Excerpts from a dataset:
+---+

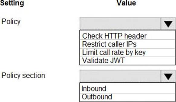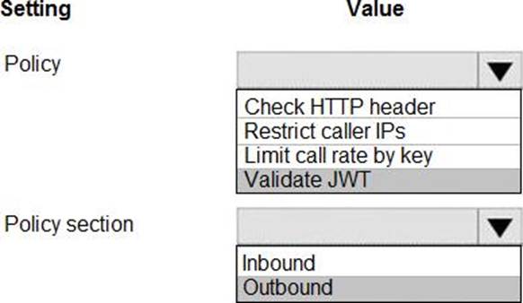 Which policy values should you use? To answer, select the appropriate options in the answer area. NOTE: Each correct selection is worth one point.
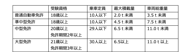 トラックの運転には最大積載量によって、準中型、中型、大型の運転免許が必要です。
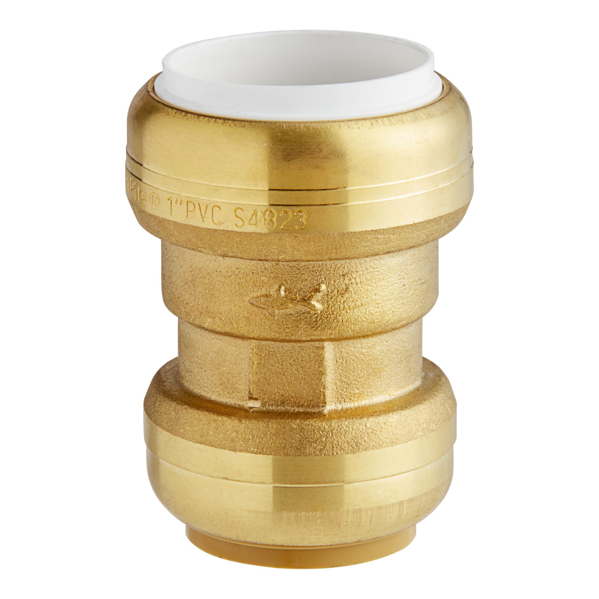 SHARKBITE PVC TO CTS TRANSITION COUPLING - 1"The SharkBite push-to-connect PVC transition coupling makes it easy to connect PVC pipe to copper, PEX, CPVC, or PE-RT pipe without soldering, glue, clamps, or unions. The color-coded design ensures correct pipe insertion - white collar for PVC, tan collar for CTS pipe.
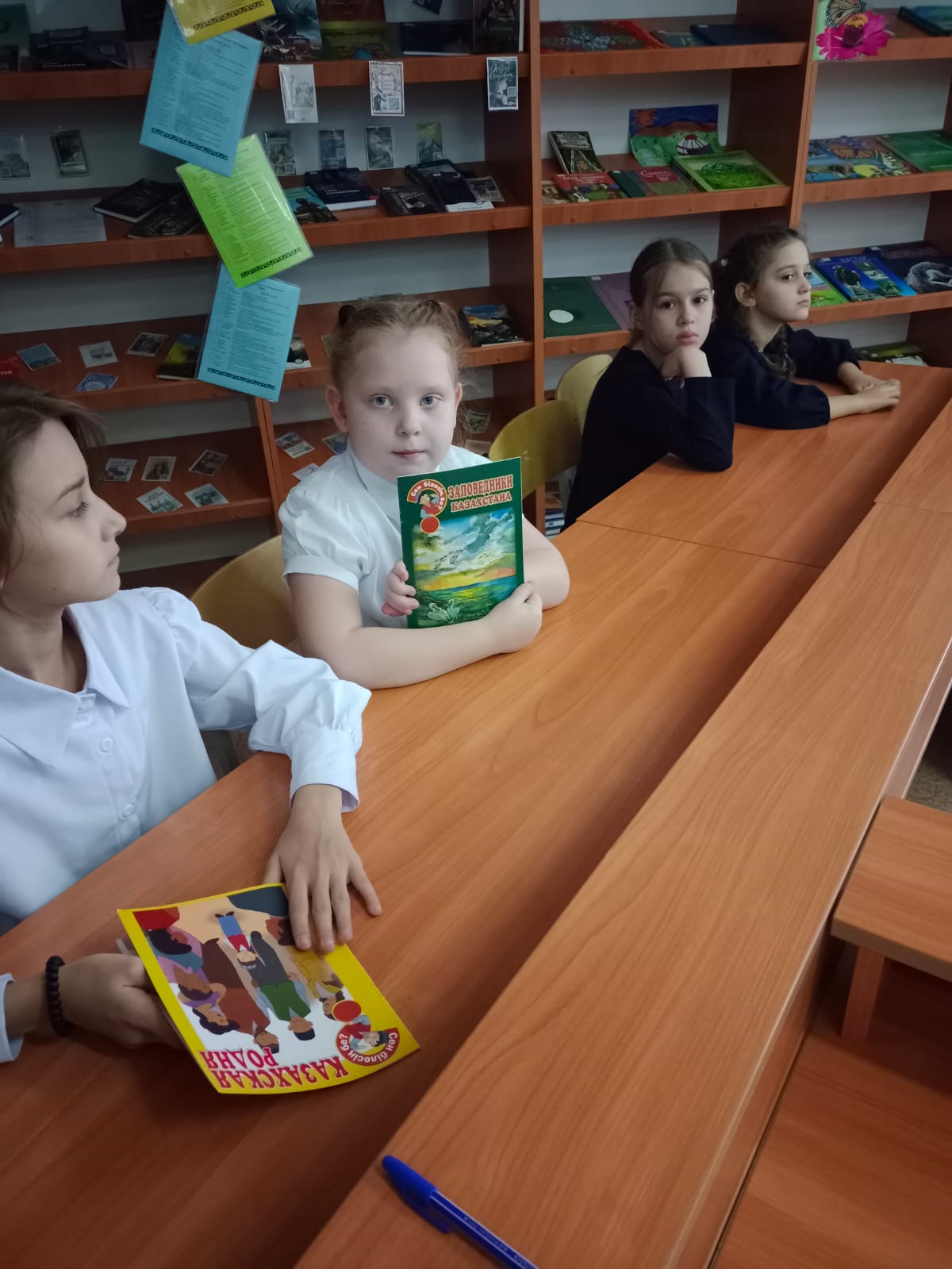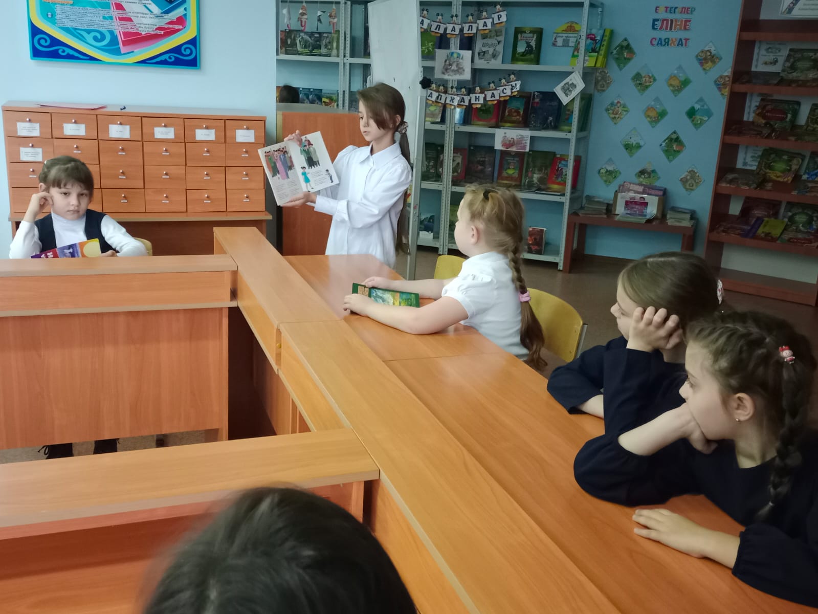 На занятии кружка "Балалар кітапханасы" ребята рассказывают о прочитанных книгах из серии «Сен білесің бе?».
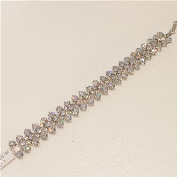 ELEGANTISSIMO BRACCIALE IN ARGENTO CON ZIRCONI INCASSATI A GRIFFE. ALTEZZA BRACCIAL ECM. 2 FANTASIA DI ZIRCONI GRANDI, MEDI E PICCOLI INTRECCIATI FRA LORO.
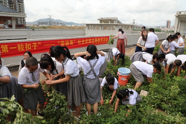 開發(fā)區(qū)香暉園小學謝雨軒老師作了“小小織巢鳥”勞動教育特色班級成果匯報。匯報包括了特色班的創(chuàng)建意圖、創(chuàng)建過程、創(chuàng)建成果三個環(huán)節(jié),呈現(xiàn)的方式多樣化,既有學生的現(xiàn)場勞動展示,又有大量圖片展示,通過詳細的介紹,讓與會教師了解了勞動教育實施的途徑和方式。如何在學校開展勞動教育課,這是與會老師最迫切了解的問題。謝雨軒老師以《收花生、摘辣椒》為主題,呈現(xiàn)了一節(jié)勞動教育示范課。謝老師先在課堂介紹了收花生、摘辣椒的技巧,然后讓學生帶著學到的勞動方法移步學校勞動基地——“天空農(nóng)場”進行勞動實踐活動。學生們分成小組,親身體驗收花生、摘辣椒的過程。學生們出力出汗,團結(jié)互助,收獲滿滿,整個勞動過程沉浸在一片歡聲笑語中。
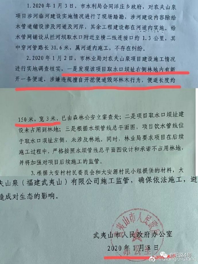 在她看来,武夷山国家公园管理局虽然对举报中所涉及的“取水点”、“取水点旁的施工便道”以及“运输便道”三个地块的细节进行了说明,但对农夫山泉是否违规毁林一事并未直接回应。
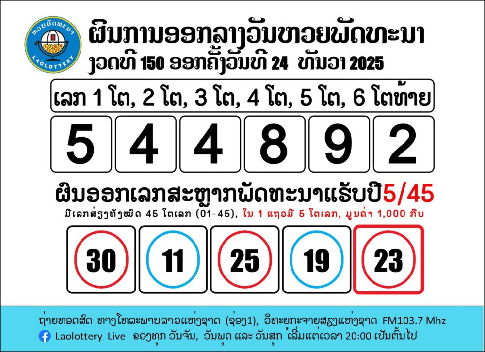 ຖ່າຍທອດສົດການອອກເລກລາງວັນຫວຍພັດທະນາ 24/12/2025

+---+

■ WORK INSTRUCTIONS ■
For this exercise, please reproduce the records above exactly and drop the images.

■ RESULT OF THIS TASK ■
 Which policy values should you use? To answer, select the appropriate options in the answer area. NOTE: Each correct selection is worth one point.
 トラックの運転には最大積載量によって、準中型、中型、大型の運転免許が必要です。
 SHARKBITE PVC TO CTS TRANSITION COUPLING - 1"The SharkBite push-to-connect PVC transition coupling makes it easy to connect PVC pipe to copper, PEX, CPVC, or PE-RT pipe without soldering, glue, clamps, or unions. The color-coded design ensures correct pipe insertion - white collar for PVC, tan collar for CTS pipe.
 На занятии кружка "Балалар кітапханасы" ребята рассказывают о прочитанных книгах из серии «Сен білесің бе?».
 ELEGANTISSIMO BRACCIALE IN ARGENTO CON ZIRCONI INCASSATI A GRIFFE. ALTEZZA BRACCIAL ECM. 2 FANTASIA DI ZIRCONI GRANDI, MEDI E PICCOLI INTRECCIATI FRA LORO.
 開發(fā)區(qū)香暉園小學謝雨軒老師作了“小小織巢鳥”勞動教育特色班級成果匯報。匯報包括了特色班的創(chuàng)建意圖、創(chuàng)建過程、創(chuàng)建成果三個環(huán)節(jié),呈現(xiàn)的方式多樣化,既有學生的現(xiàn)場勞動展示,又有大量圖片展示,通過詳細的介紹,讓與會教師了解了勞動教育實施的途徑和方式。如何在學校開展勞動教育課,這是與會老師最迫切了解的問題。謝雨軒老師以《收花生、摘辣椒》為主題,呈現(xiàn)了一節(jié)勞動教育示范課。謝老師先在課堂介紹了收花生、摘辣椒的技巧,然后讓學生帶著學到的勞動方法移步學校勞動基地——“天空農(nóng)場”進行勞動實踐活動。學生們分成小組,親身體驗收花生、摘辣椒的過程。學生們出力出汗,團結(jié)互助,收獲滿滿,整個勞動過程沉浸在一片歡聲笑語中。
 在她看来,武夷山国家公园管理局虽然对举报中所涉及的“取水点”、“取水点旁的施工便道”以及“运输便道”三个地块的细节进行了说明,但对农夫山泉是否违规毁林一事并未直接回应。
 ຖ່າຍທອດສົດການອອກເລກລາງວັນຫວຍພັດທະນາ 24/12/2025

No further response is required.